Friday, September 18, 2009

One of Those Weeks

I have had one of those weeks. We all have them. It is one of those times that you question everything you are doing and wonder if it is really the right thing. After being close to tears on Wednesday, my husband, ever so politely, reminded me to take the advice I give people all the time. In one of the homeschooling talks I give, I tell mothers that their days are only going to be as good as they make them. When we are lazy as their teachers, more then likely our days are going to be pretty nasty. I know this and I think that is why I get so frustrated. I just get upset with myself and then take it out on them. I started the week sick and then just could not get my groove on. The fact that my two oldest are on complete opposite ends of the spectrum on what works for them does not help. I can put one on auto-pilot and get through days like this. The other, not so much. Things quickly deteriorate with this child when I cannot devote major time to watching this child's back and making sure things are getting done. So, how did the week end? It ended with me revamping and starting over. I have to remind myself everyday that tomorrow is a new day and I have chance to reclaim our homeschool. But, man, am I glad it is FRIDAY!!

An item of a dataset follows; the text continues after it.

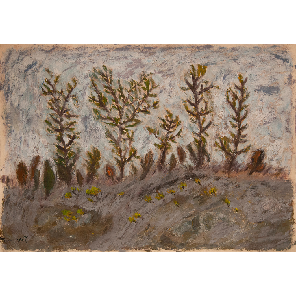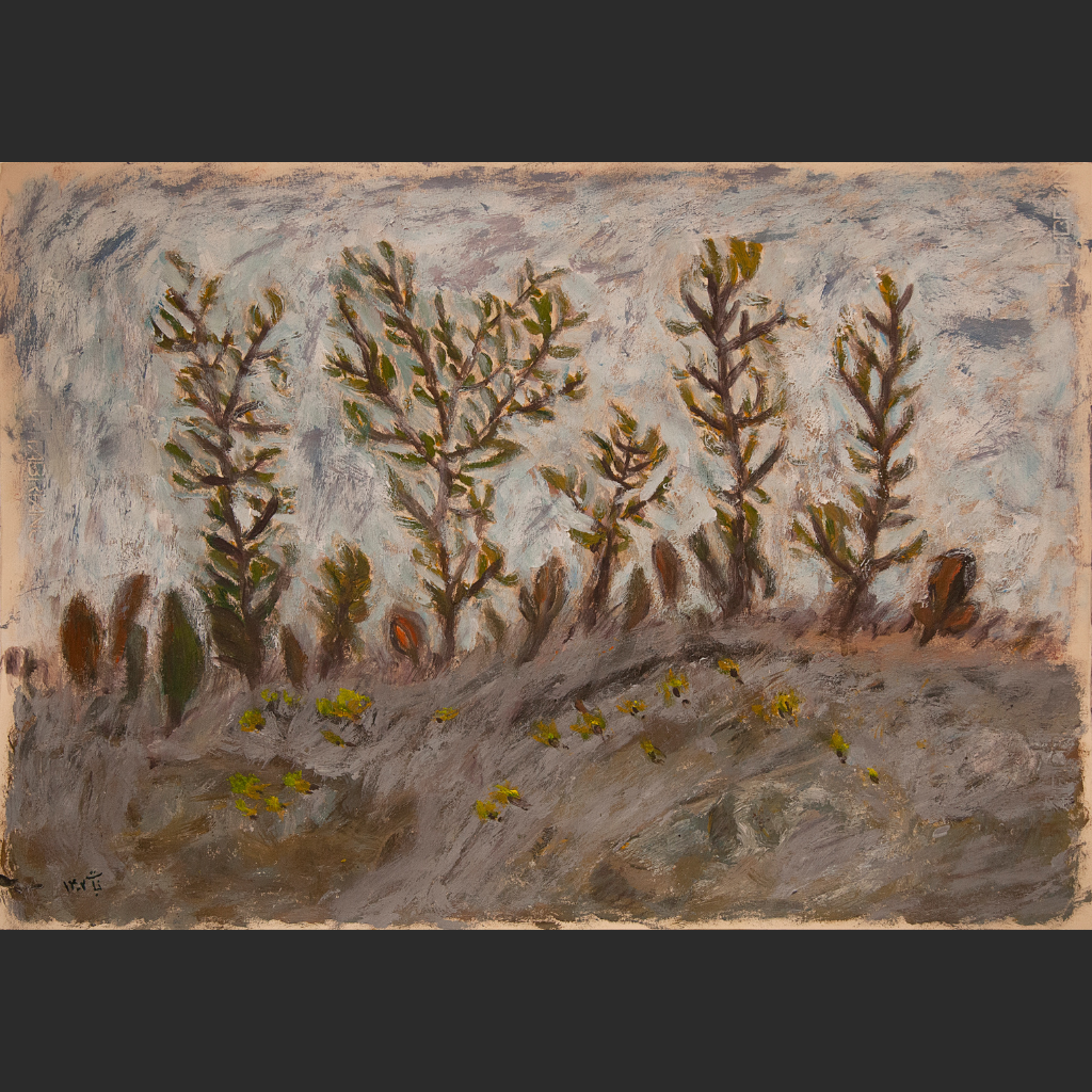 Description: In Before the Bloom, Elahe Khosravi presents a scene of early growth and quiet anticipation. Sparse trees stretch upward under a pale sky, while small yellow buds peek from the earth below. With her signature textured strokes and earthy tones, the artist captures a gentle moment just before nature awakens.

Thursday, September 17, 2009

Mashed Potatoes Anyone?

Did you know the bathroom sink makes a great mixing bowl? Walked into the bathroom to find an entire box of instant mashed potatoes dumped out and mixed with water. They were actually just the right consistency. He said he was making dinner. I'll let you guess which he that would be.

Monday, September 7, 2009

And We're Off

It all comes down tomorrow. We started school last week. But, I like the slow start. We have our big annual breakfast out and then we do 2 or 3 subjects and try to get on a better schedule. Tomorrow we will do it ALL. It's funny. A month ago I so did not want to even think about school. But, now I am ready for some structure. A former pastor's wife of ours used to say the reason the end of pregnancy was so hard, was so we would not be afraid of labor. Tonight I am thinking the reason the kids go crazy with very little structure is so I will not be afraid of the daily schedule with something scheduled into every minute of the day. Ladies, I am not afraid and I even am looking forward to tomorrow! How are your school days going?